ABSTRACT

The defeat of the Polish armed forces in the September Campaign and the evacuation of the Polish Government abroad, to France until June 1940, then London, cleared the way for the genocidal occupation and subjugation of Poland by the allied invaders, Nazi Germany and the Soviet Union. Britain and France, Poland’s official allies, looked on without offering by way of protest anything other than vacuous platitudes. The Soviet invasion a few weeks later prompted the same meaningless reaction, with the British Government issuing what must be considered one of the most spectacular understatements of the war, to the effect that ‘the full implication of these events is not yet apparent’. Tellingly, neither Britain nor France ever declared war on the Soviet Union. Even more insulting to the Poles was the extraordinarily tasteless article in the press by the former Prime Minister, David Lloyd George, hailing the invasion and rejoicing in Poland’s collapse, which he described as just reward for her supposed misdemeanours.
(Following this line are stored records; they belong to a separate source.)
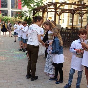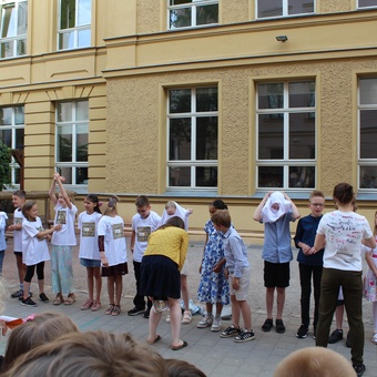 Auch die Hortpädagoginnen wollen ihren – nun ehemaligen - Schützlingen ein kleines Andenken überreichen und verteilen Aufmerksamkeiten an die Schülerinnen und Schüler.
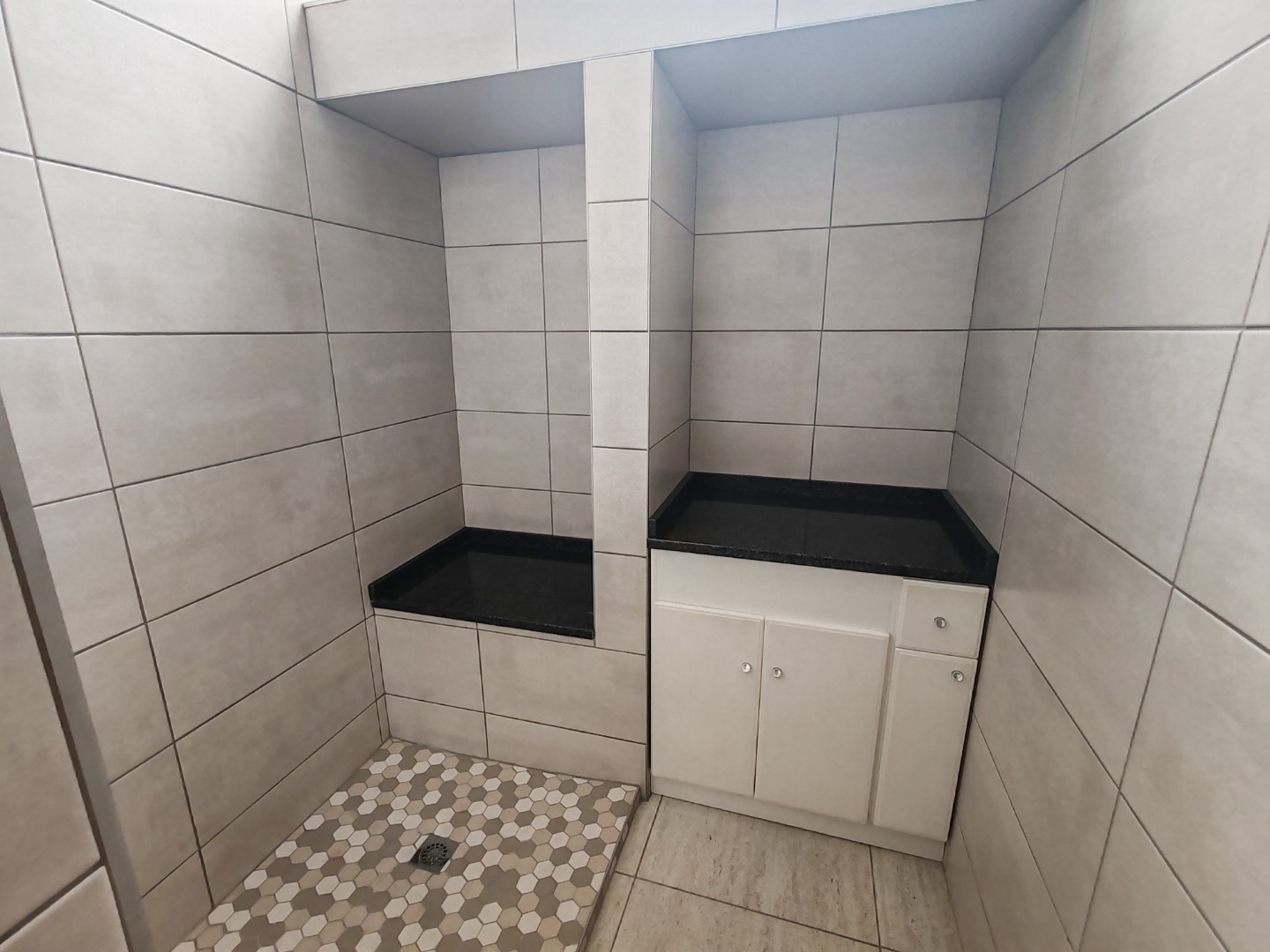 * Durable tiled flooring throughout
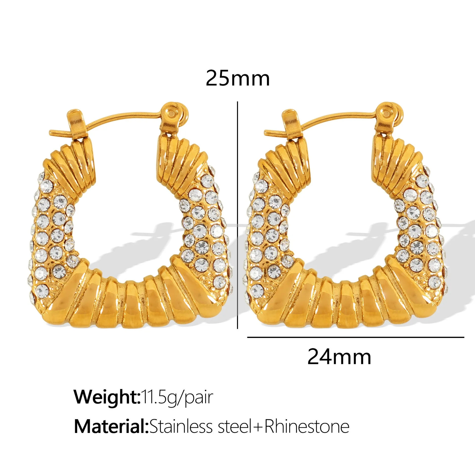French Personality Stainless Steel Women's U-Shaped Hoop Earrings Irregular Inlaid Rhinestone and Pearl Fashion
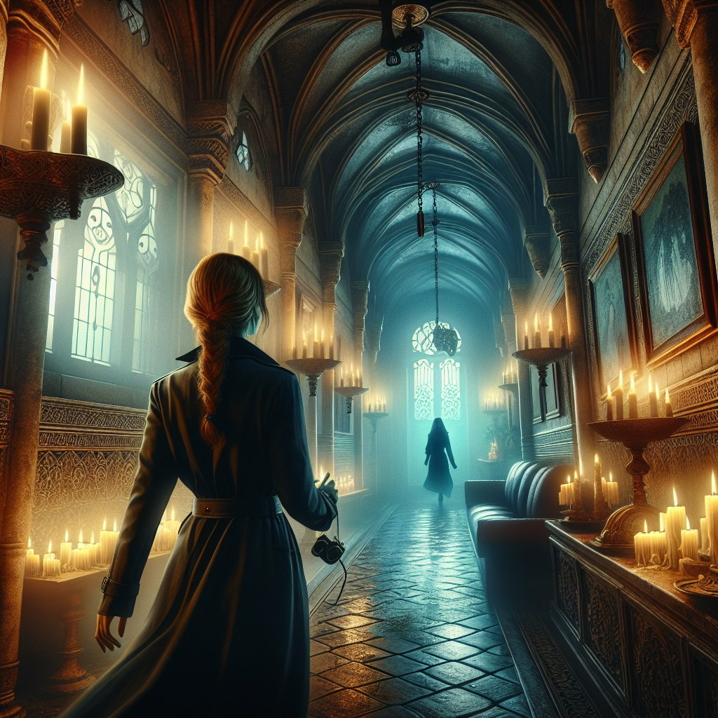 As the days passed, Sophia felt an undeniable presence watching her, especially in the grand ballroom. One evening, while reading by the fireplace, she felt a sudden chill and looked up to see a ghostly figure—Lord Thomas himself, as handsome as he was heartbroken. Instead of fear, Sophia felt a strange connection to him. Thomas revealed that he was bound to the mansion by a curse, unable to move on until he reunited with his lost love, Eliza. Drawn by his tragic tale, Sophia promised to help him find peace, even as her own feelings for the ghostly lord deepened.
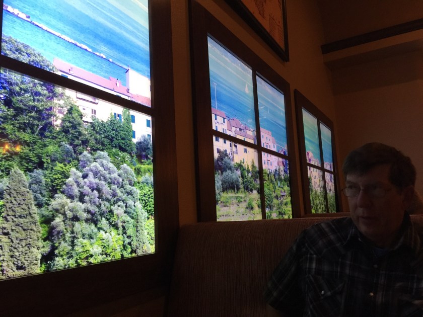 There may not be many food pictures on this trip. We ate in the Italian restaurant at the Westgate Casino/Hotel where we are staying. We enjoyed watching the Italian scenery being scrolled across the screens next to our table.
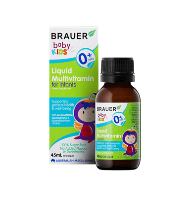 Brauer Baby & Kids Liquid Multivitamin for Toddlers is a scientifically developed vitamin and mineral formula specifically designed to help support your toddler's vitamin and mineral intake. It contains nutrients to help to support your child's healthy growth and development, including Zinc, Iodine, Vitamin E, Vitamin C, Betacarotene and active forms of Vitamin B2, B6, B9 and B12. It comes in a naturally delicious fruit cup flavour that's been given the thumbs up in taste tests by kids, and it's 99% sugar free!
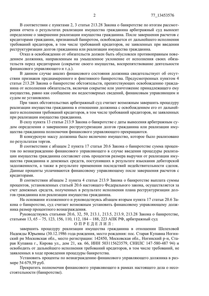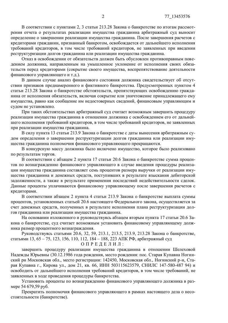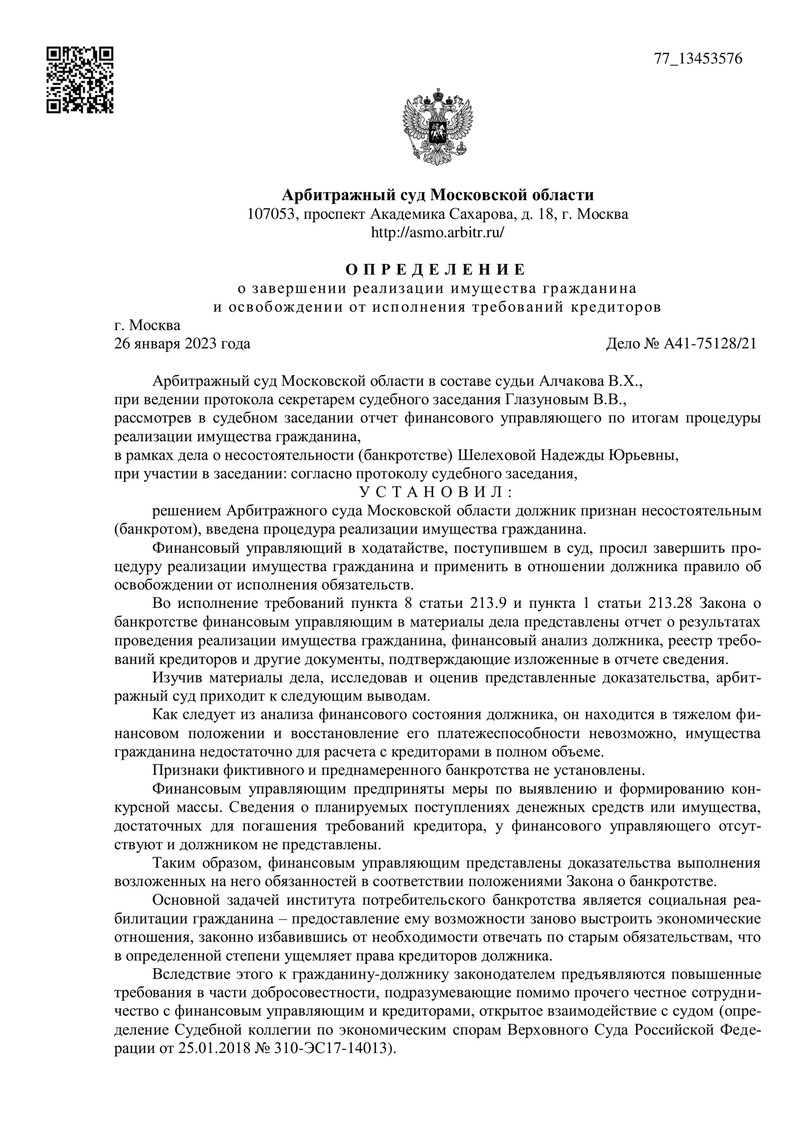 Судебное определение подлежит немедленному исполнению, что означает, что наш клиент освобожден от дальнейшего исполнения требований кредиторов. В течение десяти дней решение можно обжаловать в Десятом арбитражном апелляционном суде.
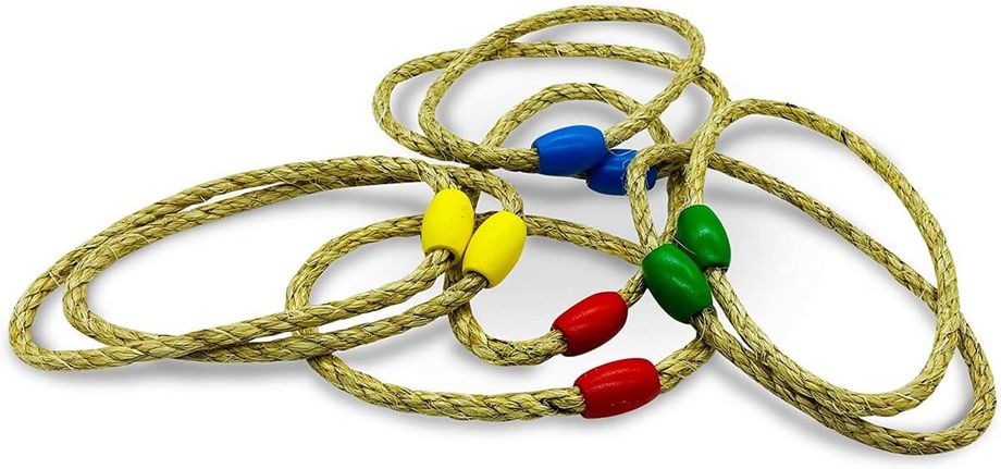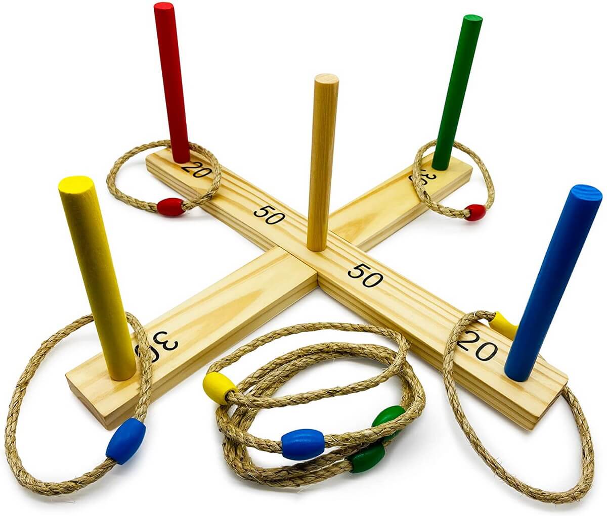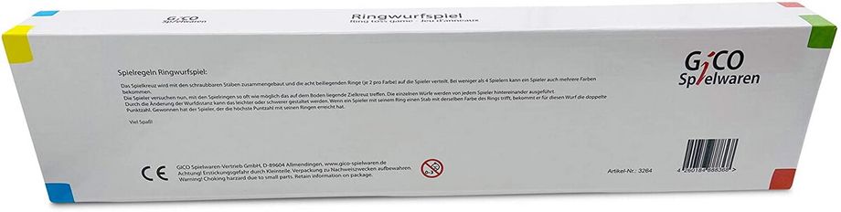 Ringwurfspiel aus Holz zum Zusammenstecken. Bestehend aus 1 Wurfkreuz (38x38x21cm) mit 5 senkrecht stehenden Zielstäben aus FSC zertifiziertem Pinienholz, 5 Wurfringe aus Seil verschiedenfarbig markiert. Inkl. Anleitung im 4c Karton verpackt.

When in office, he had scarcely disguised his disapproval of Polish independence in 1918-19. Following a further agreement between Hitler and Stalin on 28 September regarding their respective spheres of control and administration, the Nazis were now able to implement the racial imperatives of their ideology, according to which the Slavic Poles were not only inferior but also sub-human, while the Soviets pursued equally relentlessly the class and polonophobic aspects of Bolshevism. These were the macabre prescriptions for a veritable nightmare in both parts of Occupied Poland.